Alternatively, we could allow the users to set a prefix in the config for the 
checkpoint topic name and, when they need to discard an existing checkpoint, 
they increment or change this prefix and then restart the job.

This would work. It also feels a little bit hacky. I feel like waiting for 
delete topic might just be the best thing to do. It's just going to be painful 
in the short-term. I do think the Kafka folks have a partially working delete 
going, and are working on fixing it up.

> Need to be able to change SSP Grouper
> -------------------------------------
>
>                 Key: SAMZA-374
>                 URL: https://issues.apache.org/jira/browse/SAMZA-374
>             Project: Samza
>          Issue Type: Bug
>          Components: container
>    Affects Versions: 0.8.0
>            Reporter: Chris Riccomini
>             Fix For: 0.8.0
>
>
> I recently ran a job with checkpointing enabled. The default grouper was used 
> (group by partition). I then decided that I wanted to increase parallelism, 
> so I set the grouper to group by SSP. This cause the container to get wedged 
> in this loop:
> {noformat}
> 2014-08-08 18:56:06 VerifiableProperties [INFO] Verifying properties
> 2014-08-08 18:56:06 VerifiableProperties [INFO] Property client.id is 
> overridden to 
> samza_checkpoint_manager-repartition_by_treeid-i001-1407524103759-2
> 2014-08-08 18:56:06 VerifiableProperties [INFO] Property metadata.broker.list 
> is overridden to kafka-vip-e:10251
> 2014-08-08 18:56:06 VerifiableProperties [INFO] Property request.timeout.ms 
> is overridden to 60000
> 2014-08-08 18:56:06 ClientUtils$ [INFO] Fetching metadata from broker 
> id:0,host:kafka-vip-e,port:10251 with correlation id 7 for 1 topic(s) 
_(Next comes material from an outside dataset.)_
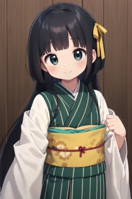 1 girl,(((very longest hair))),black hair, smile,straight Hair,hair ribbon,mintgreen stripe,Black Eyes,flat chest,straight Across bangs,princess Cut, Very Long Sideburn,roundry Head,Droping eyes,cute,Meekness,Bob Cut,long back hair,12 years Old, kimono,tear mole

> Set(__samza_checkpoint_ver_1_for_my-job_i001)
> 2014-08-08 18:56:06 BlockingChannel [DEBUG] Created socket with SO_TIMEOUT = 
> 60000 (requested 60000), SO_RCVBUF = 43690 (requested -1), SO_SNDBUF = 102400 
> (requested 102400).
> 2014-08-08 18:56:06 SyncProducer [INFO] Connected to kafka-vip-e:10251 for 
> producing
> 2014-08-08 18:56:06 SyncProducer [INFO] Disconnecting from kafka-vip-e:10251
> 2014-08-08 18:56:06 ClientUtils$ [DEBUG] Successfully fetched metadata for 1 
> topic(s) Set(__samza_checkpoint_ver_1_for_my-job_i001)
> 2014-08-08 18:56:06 KafkaCheckpointManager [INFO] Connecting to leader 
> app196.:10251 for topic __samza_checkpoint_ver_1_for_my-job_i001 and to fetch 
> all checkpoint messages.
> 2014-08-08 18:56:06 KafkaCheckpointManager [INFO] Got offset 13 for topic 
> __samza_checkpoint_ver_1_for_my-job_i001 and partition 0. Attempting to fetch 
> messages for changelog partition mapping.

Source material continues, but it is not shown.